I’ve sat in enough of these companies to know where the seam usually runs. It runs between two teams. There’s a brand team that owns the marketing page, and a product team that owns everything past the signup button, and the two of them clearly don’t share a standup. They’ve maybe met once, at the holiday party. The brand people talk about voice and tone and how the thing should feel when you walk in. The product people are four tickets deep in an edge case where a user has two billing addresses and no last name. Both groups are good at what they do. And both are quietly certain the other one is where it all goes sideways. Somewhere along the line the company decided these were two different departments doing two different jobs, which they aren’t. They’re the same job wearing two different lanyards. That’s a soapbox for another day, so I’ll only say this: I have never once watched that seam turn up anywhere except the gap where those two teams were supposed to be talking and weren’t.
Nobody did anything wrong. Nobody was careless. It happened the way these things always happen, one reasonable decision at a time, made by different people on different days, with nobody holding the thread.
That’s what made by strangers looks like. You built every piece of it yourself, and it still doesn’t feel like yours.
Most products out in the world aren’t bad. They’re unattended. Everybody added something reasonable. Nobody owned the question of whether the reasonable things added up to one thing. So you get a pile of good decisions and no product, which is a stranger feeling than a pile of bad ones, because a bad product at least knows what it was trying to be.
Here’s where I get a little spicy, and at this point I’ve stopped apologizing for it.

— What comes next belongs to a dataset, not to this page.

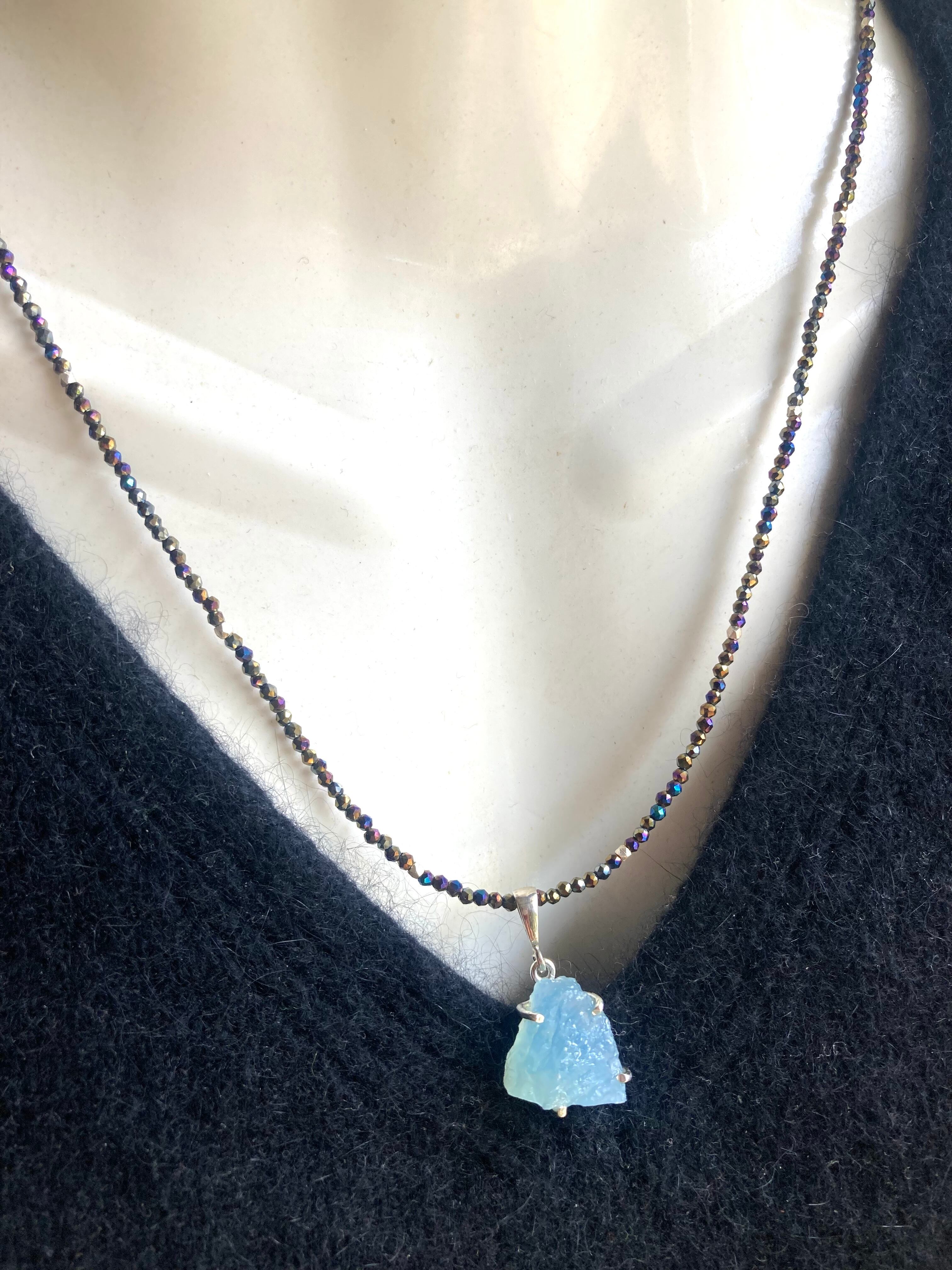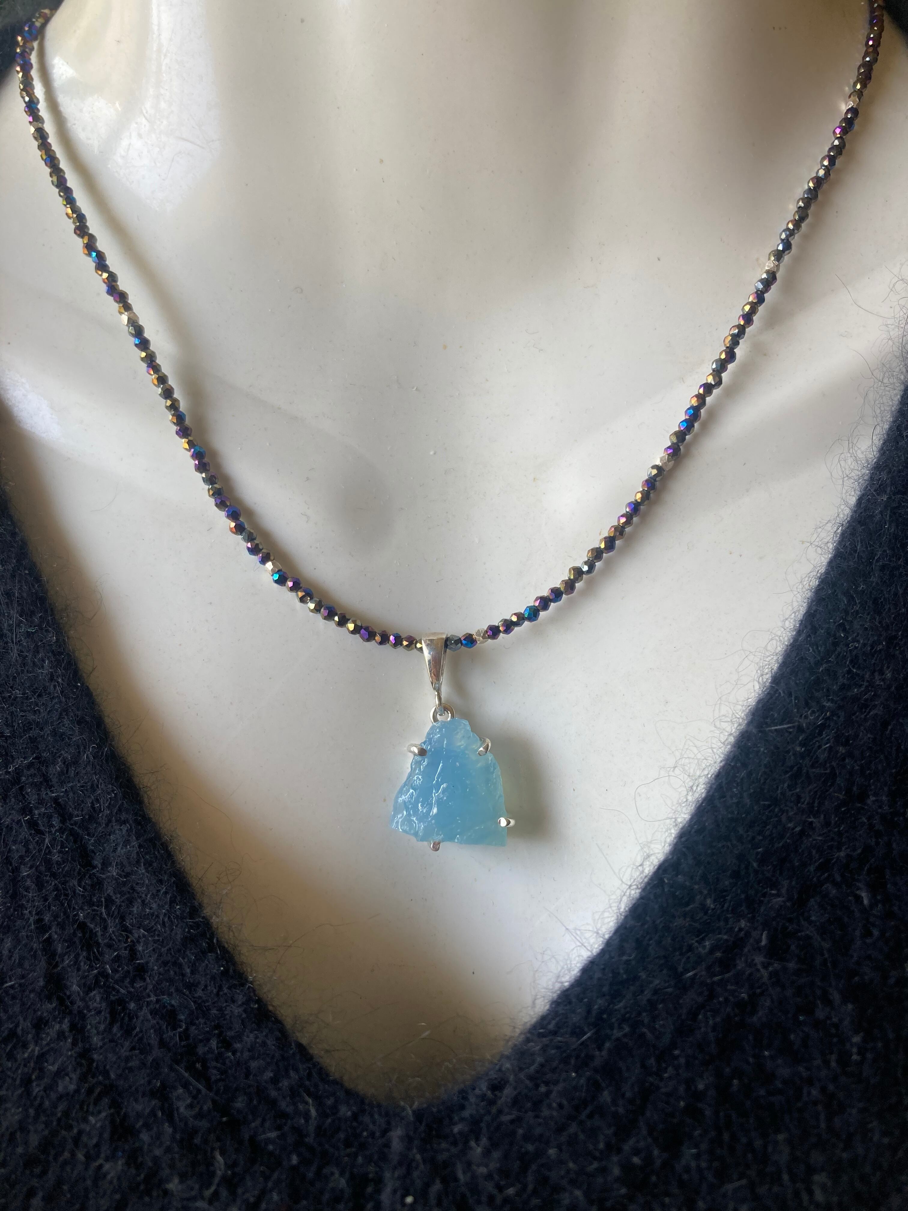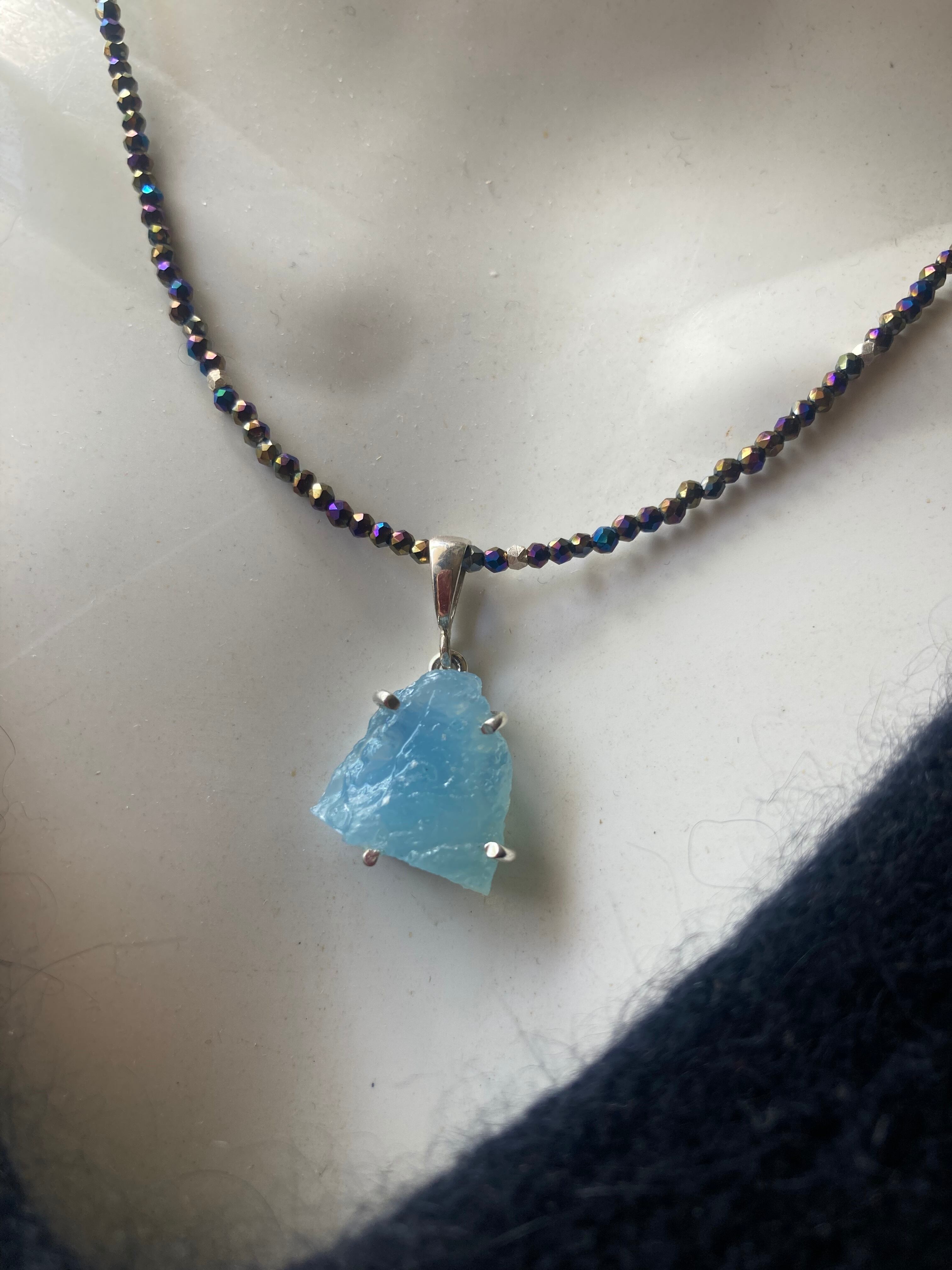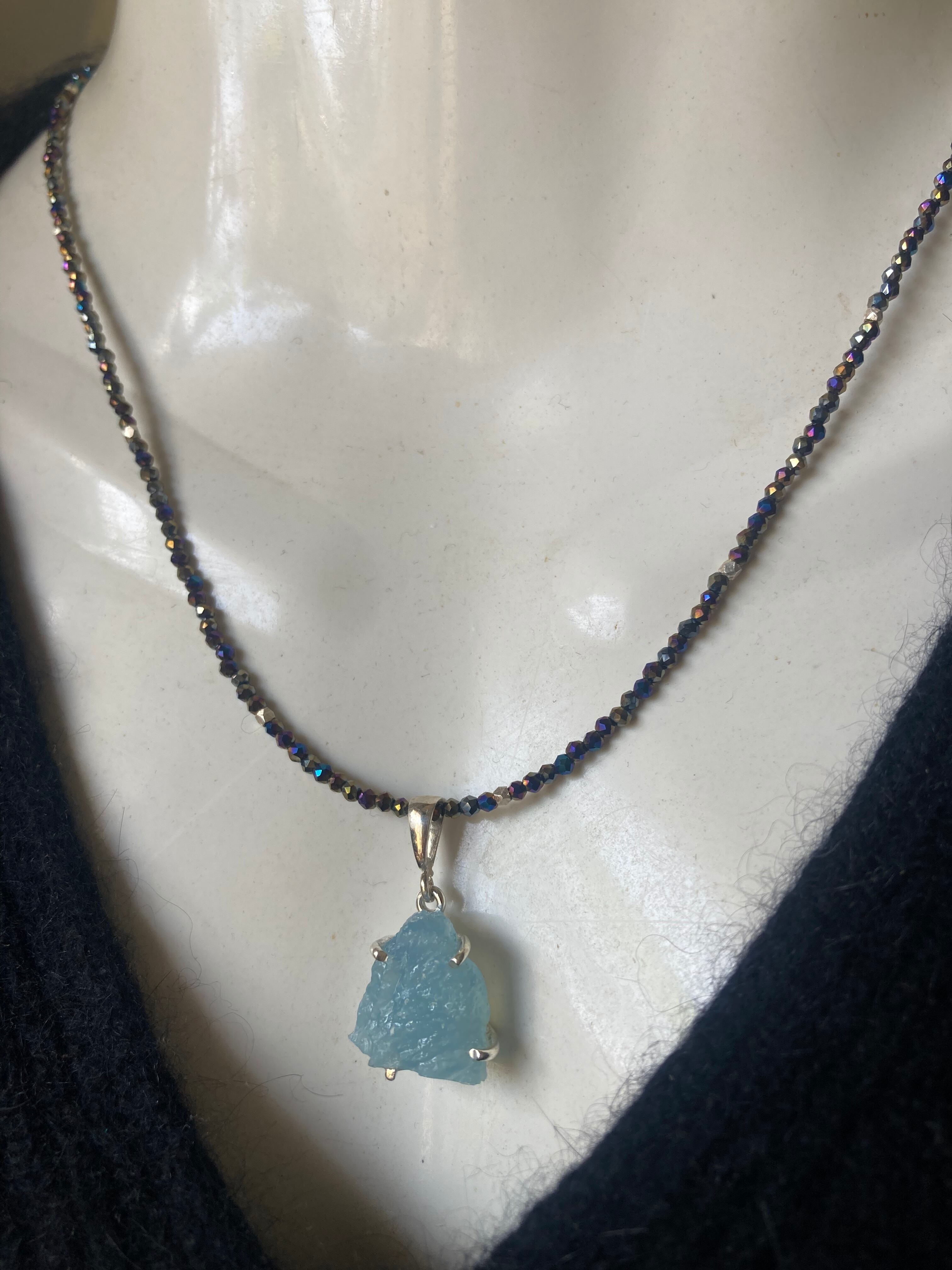 sv925☆Rough Aquamarine ラフロック アクアマリンのブラックスピネルネックレス

You can buy your logo off 99designs. Go ahead. Come find me in six months when you can’t figure out why nobody remembers you, and we’ll talk about the gap between a logo and a brand, and how a human thinking hard for one afternoon would’ve been the cheapest thing you never bought.
You can skip the designer because your engineers have AI now. Also fine. We’ll catch up when the UX debt and the tech debt come due at the same time, your support inbox fills with messages that all say some version of “I don’t get it,” and you’re staring at a funnel wondering why the one thing nobody clicks is the thing you need them to click.

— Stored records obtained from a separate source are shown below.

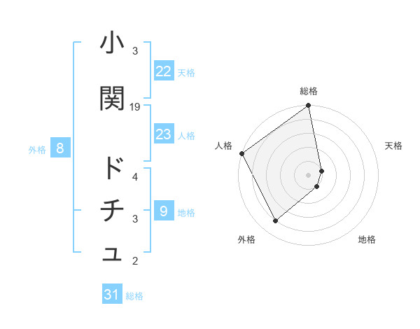 小関 ドチュさんを姓名の画数から五運を鑑定
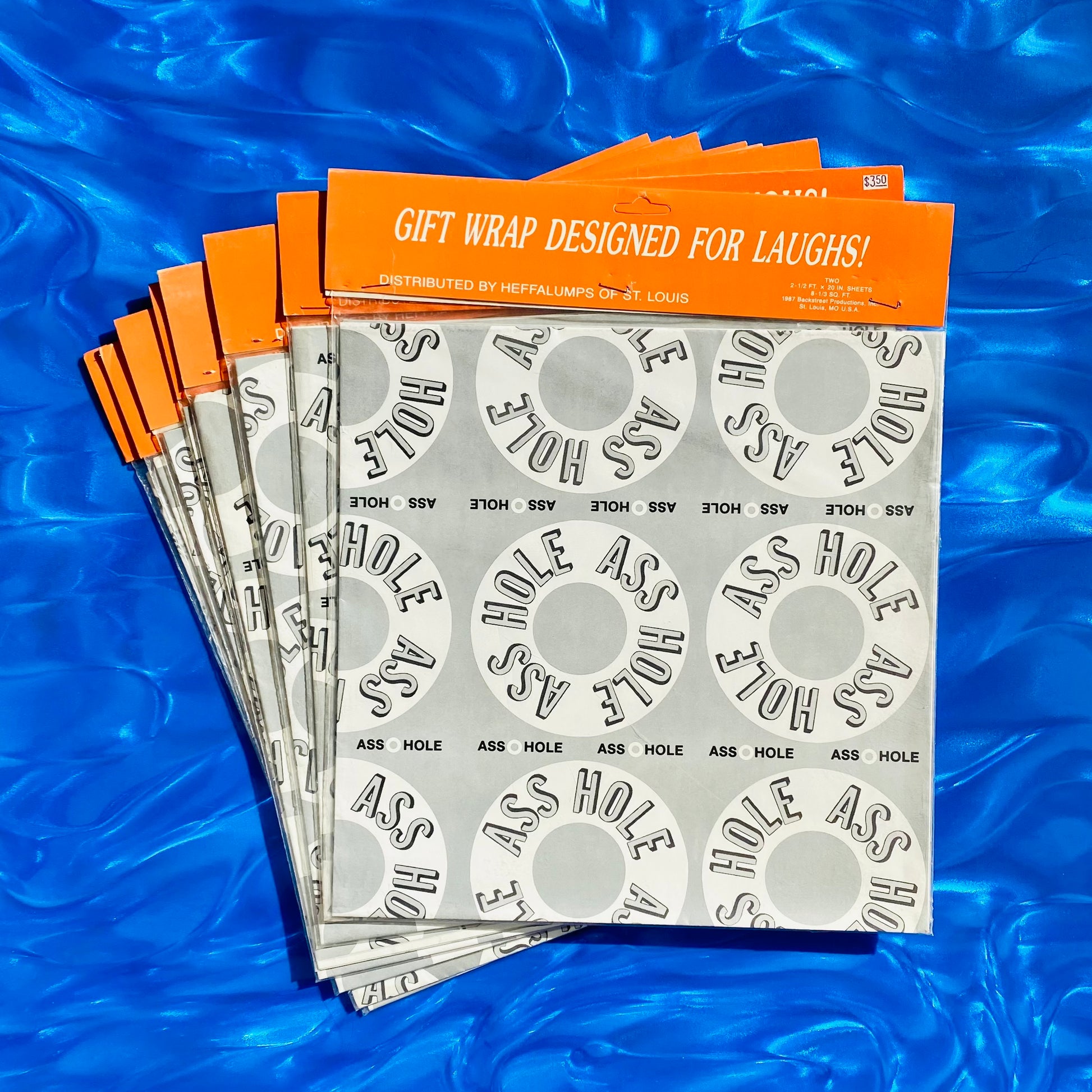 Deadstock novelty rude gift-wrap by Backstreet Productions 1987.
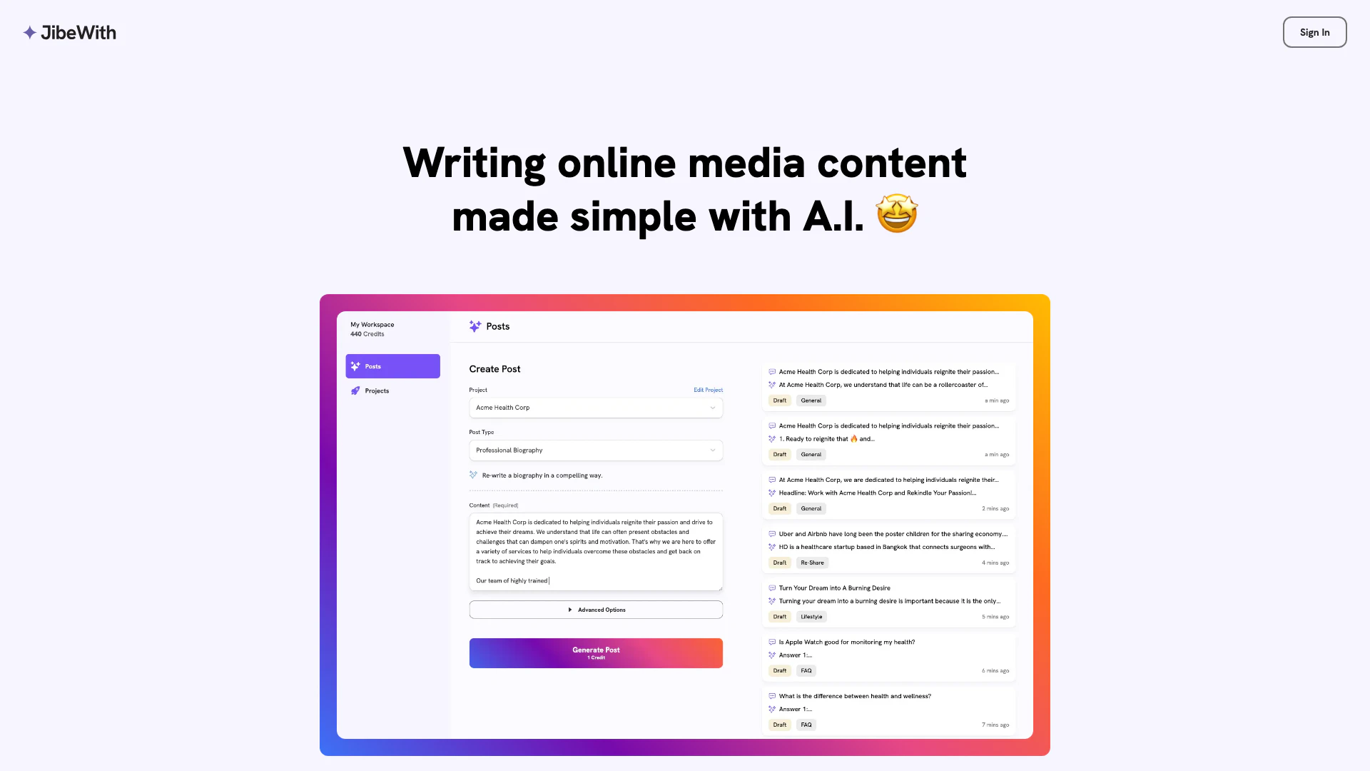 - AI-Generated Content: Jibewith utilizes AI to generate content, making it easier for users to create engaging media without needing extensive writing skills.

You can pay a firm fifteen grand a month and accept a Figma file as the deliverable. You can. But friend, you’re being had. A Figma file is not a product. A mood board is not a strategy. Judge the work by what shipped, who used it, and what changed because of it. If the people you hired can’t show you those three things, you didn’t buy a partner. You bought a very expensive Pinterest board with an invoice stapled to it.
The part nobody says out loud is that design quality barely depends on taste. It depends on coherence. Whether one idea shows up in every screen, or whether twelve different ideas are all running at once, each one sure it belongs and none of them agreeing on anything.

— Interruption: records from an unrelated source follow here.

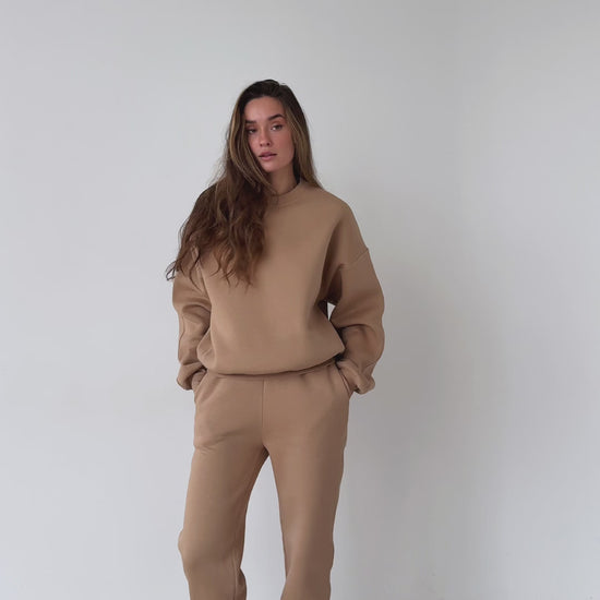 Comfortable сappuccino joggers made from soft fleece fabric with a warm brushed interior. Designed for everyday wear, they combine a relaxed silhouette with practical details, making them ideal for casual outfits, travel, or lounging.
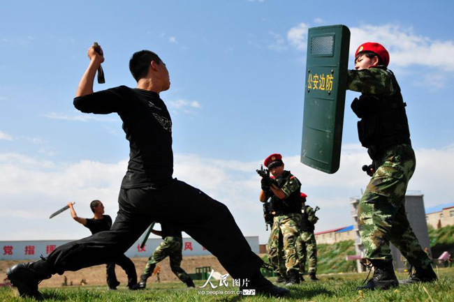 模拟安保过程中可能发生的刀斧袭警暴恐案件进行反袭击训练。
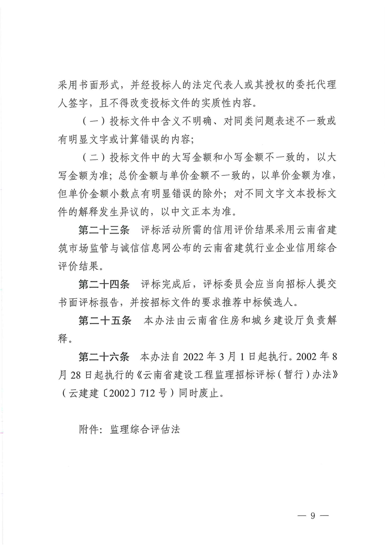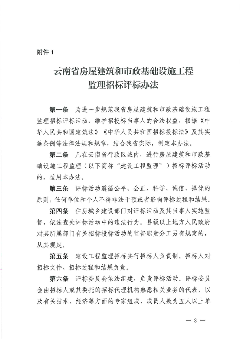云南省住房和城鄉(xiāng)建設(shè)廳關(guān)于印發(fā)云南省房屋建筑和市政基礎(chǔ)設(shè)施工程監(jiān)理招標(biāo)評標(biāo)辦法的通知
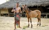 Tokoh adat Kampung Raja Prailiu Umbu Remi Pas berpose dengan mengenakan kain tenun ikat Sumba di Kampung Raja Prailiu, Waingapu, Sumba Timur, NTT, Rabu (23/7/2025). Kekayaan tenun ikat Sumba terletak pada keragaman motif dan kedalaman makna filosofisnya. Motif-motif yang terukir, seperti kuda, buaya, burung, atau figur manusia mamuli, bukan hanya hiasan, melainkan simbol sakral yang dipercaya memiliki kekuatan spiritual dan menceritakan kisah-kisah epik dari masa lalu, bahkan menunjukkan kasta pemakainya. (FOTO : ANTARA FOTO/Rivan Awal Lingga)

The best designers I know don’t have the prettiest portfolio shots. They have the stamina to hold the whole thing in their head at once, the pricing page everyone loved and the settings page nobody did, and keep both telling the same story. Call it taste if you like. It’s closer to attention, paid for longer than anyone finds comfortable.
Coherence is boring to talk about and almost impossible to fake. You can fake a logo. You can fake a landing page for an afternoon. You cannot fake the feeling of using something where every part seems to know the other parts exist. That feeling has a source, and the source is always a person.
Here’s the whole thing on a sticky note, since you’re the one who made me write it down.
A product made by strangers feels like a product made by strangers. A product with a steward feels like somebody loves it.
Your users feel the seams. They feel the four-pixels-versus-eight of it. They feel the voice swap between the homepage and the onboarding, even if they’d never put it in those words. They don’t write you a letter about it. They just leave, quietly, and you never find out why.
So if your product feels scattered right now, that’s not a character flaw. It’s the most common pattern there is, and it’s almost always fixable. The fix isn’t another vendor. The fix is a thread, and one person whose actual job is to hold it.
That person can be you. It can be a designer you trust with the keys. It can be a small team that ships real things instead of files.